Radhakanta Deb (1784–1867) was the grandson of Maharaja Nabakrishna Deb, who was a trusted munshi to the East India Company and had received the decoration of the Knight Commander of the Star of India and his title of 'Raj Bahadur', based on merit for his service under Sir Warren Hastings and Robert Clive. Radhakanta was an accomplished scholar, and like his father Gopimohan Deb, was one of the foremost leaders of the Calcutta Hindu society. Radhakanta was fluent in Persian, Arabic and Sanskrit and also developed a good knowledge of English. He published an eight-volume dictionary of the Sanskrit language called Shabdakalpadruma, between 1822 and 1856, which met the needs of educational institutions, the court of law and students learning Sanskrit.

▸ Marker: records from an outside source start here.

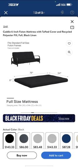 Caddie 6-Inch Futon Mattress with Tufted Cover and Recycled Polyester Fill, Full, Black Linen$100Winston-salem, NC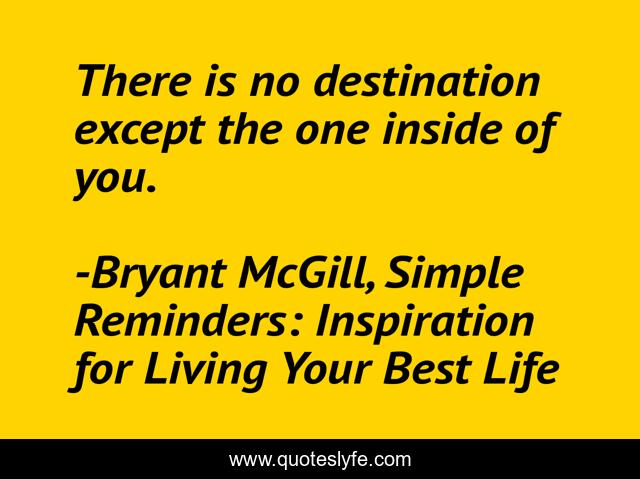 "Bryant McGill, Simple Reminders: Inspiration for Living Your Best Life Quotes." Quoteslyfe.com, 2025. Sat. 06 Dec. 2025. <https://www.quoteslyfe.com/quote/There-is-no-destination-except-the-one-107467>.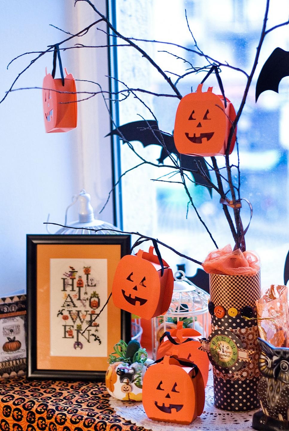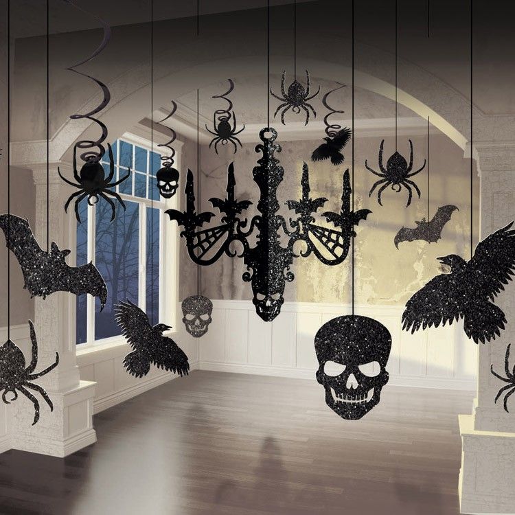 Los accesorios y la decoración de Halloween son de naturaleza específica, por lo que no habrá problemas para encontrar materiales adecuados. Una guirnalda con fantasmas enfatizará la característica especial de las vacaciones. Las siluetas deben estar formadas por pequeñas aletas blancas y atadas a un hilo.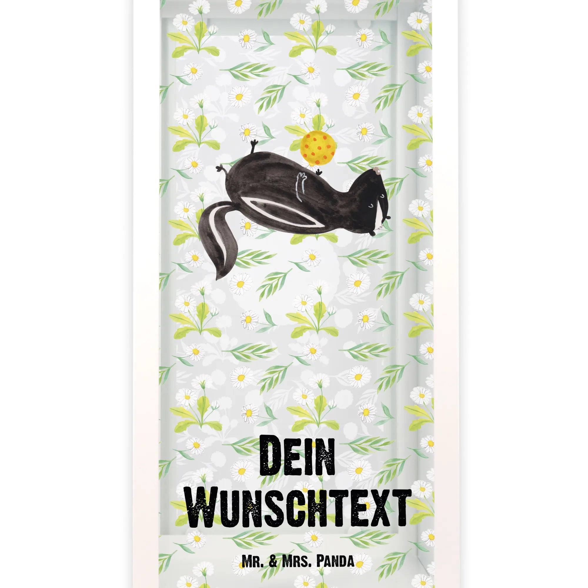 Die personalisierte Deko Laterne Stinktier Ball von Mr. & Mrs. Panda ist das perfekte Geschenk für all jene, die ihren Garten, Balkon oder die Terrasse liebevoll dekorieren möchten.
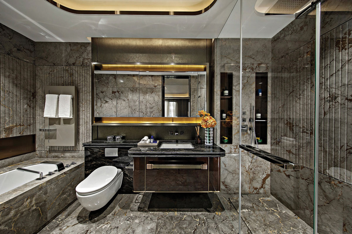 In the end, the design team were able to create a space that satisfied all the needs of the owner. From the colour palette to the material selection, the design director hand-picked fabrics, upholstery and wallpapers in Italy and created a chic home space with an official work station tailored for business. Sophistication and extravagance is demonstrated through the use of lacquered wood, hand-woven leather finishes, grey patterned marble, silk finishes and brushed stainless steel finishes, etc.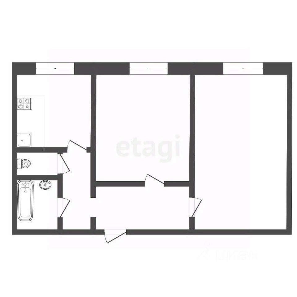 - Планировка (Евротрешка): просторная кухня-гостиная, 2 изолированные спальни, санузел, прихожая.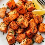 2. In a mixing bowl, toss the salmon cubes with melted butter, lemon juice, and minced garlic until well coated.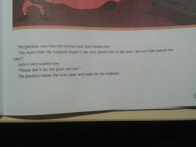 Джек поднимался и поднимался.Бобовый стебель очень высокий и растет вверх внутрь неба сквозь облака.Он достиг самый вверх конца иДжек очень удивился когда он увидил огромный замок.Он побежал в замок и постучался в дверь .Джек очень голодный и хотел спросить что нибудь поесть.Гигантиха открыла дверь.Она очень большаяи она смотрит с огромным удивлением на него.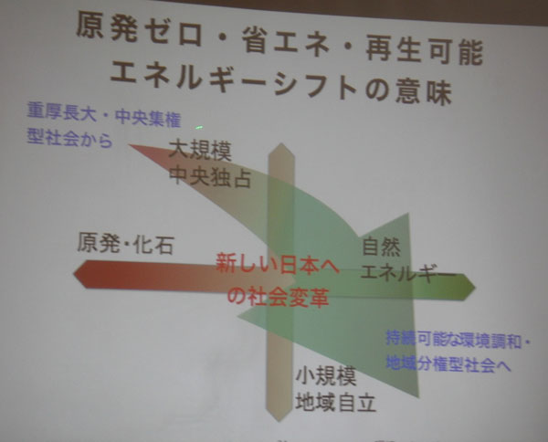 「原発を造ってはいけないという思いから、『自然エネルギー・省エネルギー促進条例』を県議会の共同提案で作った時、県庁は難色。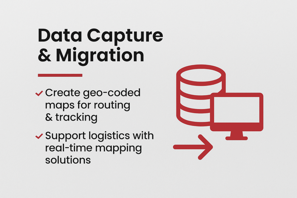 We offer seamless data capture and migration services, enabling organizations to consolidate and transfer critical geo-data with ease. Our solutions ensure smooth integration with routing and logistics platforms for better decision-making.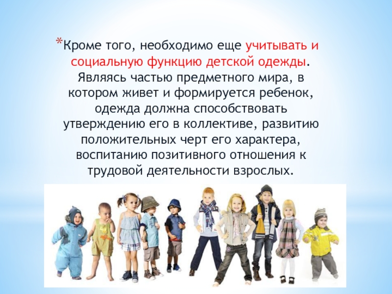 Слайд 3Кроме того, необходимо еще учитывать и социальную функцию детской одежды.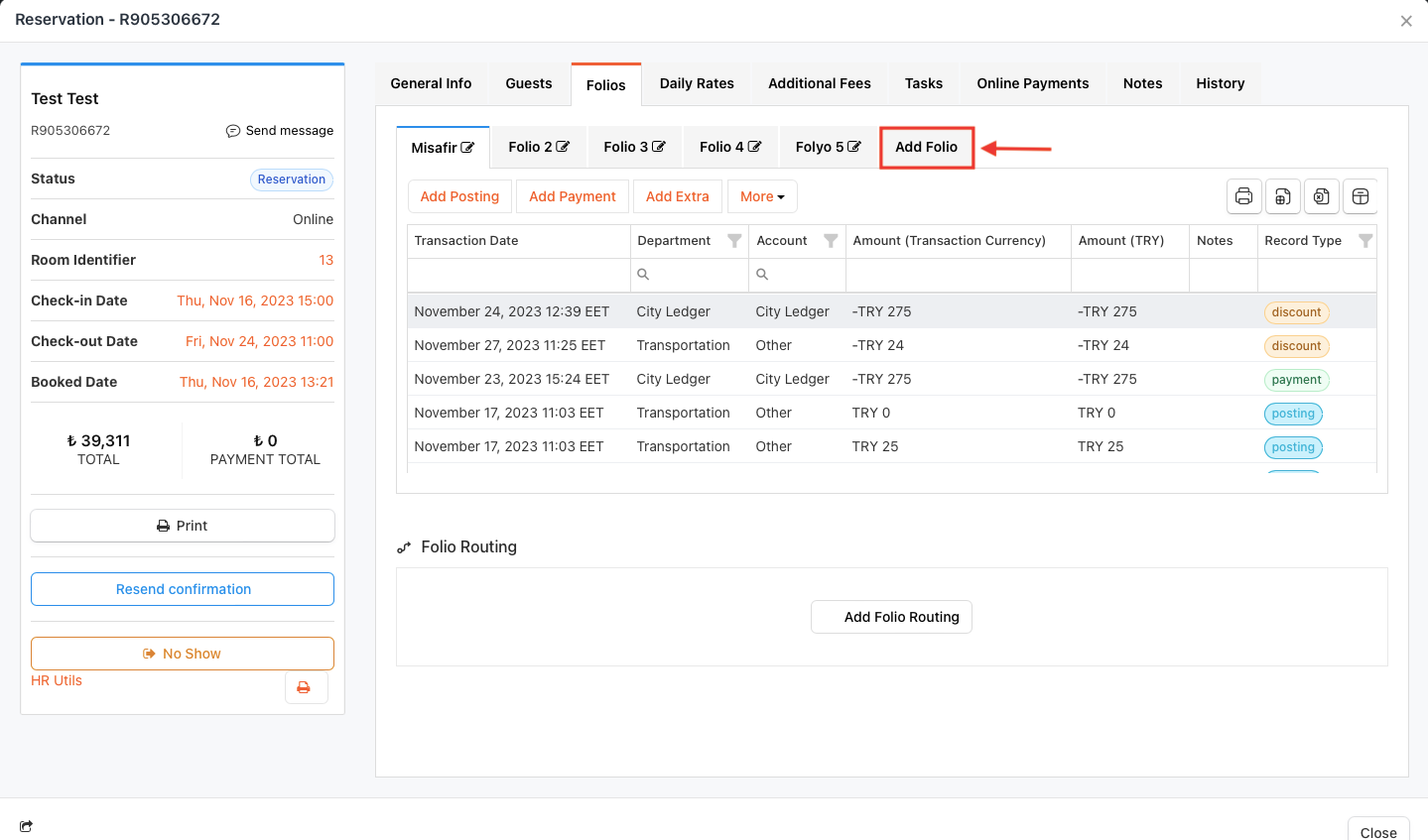 The folio titled Guest is automatically created by the system for each reservation. If you wish to track a guest’s expenses and payments across multiple accounts, you can create a second folio using the Add Folio button. You can add as many folios as you need in this area.

He was also the recipient of several international awards including honours from the Royal Asiatic Society, London. Radhakanta Deb also had a keen interest in promoting elementary education and was involved as director of the Calcutta Hindu College, 1817. He was involved in establishing the Calcutta School-Book Society in 1817 and Calcutta School Society in 1818. He worked towards improving and reforming primary schools. In 1851, he was appointed the President of the British Indian Association. Radhakanta Deb was also founded the Dharma Sabha (Association in Defence of Hindu Culture), a social conservatism body that opposed Lord Bentinck’s abolishing of Sati by a government law in 1829. Radhakanta’s attitudes toward culture and intellectual development are reflected best in his publications for the Calcutta School-Book Society.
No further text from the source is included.